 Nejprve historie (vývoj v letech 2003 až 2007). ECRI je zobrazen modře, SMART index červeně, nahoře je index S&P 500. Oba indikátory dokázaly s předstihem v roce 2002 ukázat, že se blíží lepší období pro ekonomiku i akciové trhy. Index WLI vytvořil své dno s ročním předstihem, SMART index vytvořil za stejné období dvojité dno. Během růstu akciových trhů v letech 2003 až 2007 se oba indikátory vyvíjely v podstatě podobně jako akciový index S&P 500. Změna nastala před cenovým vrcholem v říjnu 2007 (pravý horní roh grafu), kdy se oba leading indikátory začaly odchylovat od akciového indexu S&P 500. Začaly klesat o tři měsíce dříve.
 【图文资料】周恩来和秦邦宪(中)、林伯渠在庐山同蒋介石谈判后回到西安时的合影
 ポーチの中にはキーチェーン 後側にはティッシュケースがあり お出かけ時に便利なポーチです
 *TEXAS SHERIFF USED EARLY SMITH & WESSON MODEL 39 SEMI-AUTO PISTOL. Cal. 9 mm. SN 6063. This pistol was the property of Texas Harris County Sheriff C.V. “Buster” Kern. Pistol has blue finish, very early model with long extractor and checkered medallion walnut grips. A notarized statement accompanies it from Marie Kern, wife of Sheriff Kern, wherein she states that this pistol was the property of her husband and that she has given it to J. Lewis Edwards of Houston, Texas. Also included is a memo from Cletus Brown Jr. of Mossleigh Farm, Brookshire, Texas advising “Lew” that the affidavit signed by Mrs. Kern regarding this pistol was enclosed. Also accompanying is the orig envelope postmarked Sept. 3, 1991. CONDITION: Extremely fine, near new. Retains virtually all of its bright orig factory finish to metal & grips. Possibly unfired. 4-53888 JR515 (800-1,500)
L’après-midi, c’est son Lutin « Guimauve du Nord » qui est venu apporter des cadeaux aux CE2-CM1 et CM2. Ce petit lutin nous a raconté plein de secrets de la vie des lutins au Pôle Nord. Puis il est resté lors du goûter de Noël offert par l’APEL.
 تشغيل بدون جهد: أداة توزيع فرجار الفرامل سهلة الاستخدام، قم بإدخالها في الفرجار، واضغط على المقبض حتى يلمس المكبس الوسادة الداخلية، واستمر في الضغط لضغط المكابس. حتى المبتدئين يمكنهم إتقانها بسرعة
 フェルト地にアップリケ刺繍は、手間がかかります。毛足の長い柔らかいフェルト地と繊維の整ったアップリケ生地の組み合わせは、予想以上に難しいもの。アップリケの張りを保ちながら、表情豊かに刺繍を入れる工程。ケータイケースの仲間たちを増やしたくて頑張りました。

■ ■ ■ ■

Assignment
The first line of the entries, the line with "ポーチの中にはキーチェーン 後側にはティッシュケースがあり お出かけ時に便利なポーチです", and every line between them should be retyped exactly, and nothing else.

Output for this exercise
 Nejprve historie (vývoj v letech 2003 až 2007). ECRI je zobrazen modře, SMART index červeně, nahoře je index S&P 500. Oba indikátory dokázaly s předstihem v roce 2002 ukázat, že se blíží lepší období pro ekonomiku i akciové trhy. Index WLI vytvořil své dno s ročním předstihem, SMART index vytvořil za stejné období dvojité dno. Během růstu akciových trhů v letech 2003 až 2007 se oba indikátory vyvíjely v podstatě podobně jako akciový index S&P 500. Změna nastala před cenovým vrcholem v říjnu 2007 (pravý horní roh grafu), kdy se oba leading indikátory začaly odchylovat od akciového indexu S&P 500. Začaly klesat o tři měsíce dříve.
 【图文资料】周恩来和秦邦宪(中)、林伯渠在庐山同蒋介石谈判后回到西安时的合影
 ポーチの中にはキーチェーン 後側にはティッシュケースがあり お出かけ時に便利なポーチです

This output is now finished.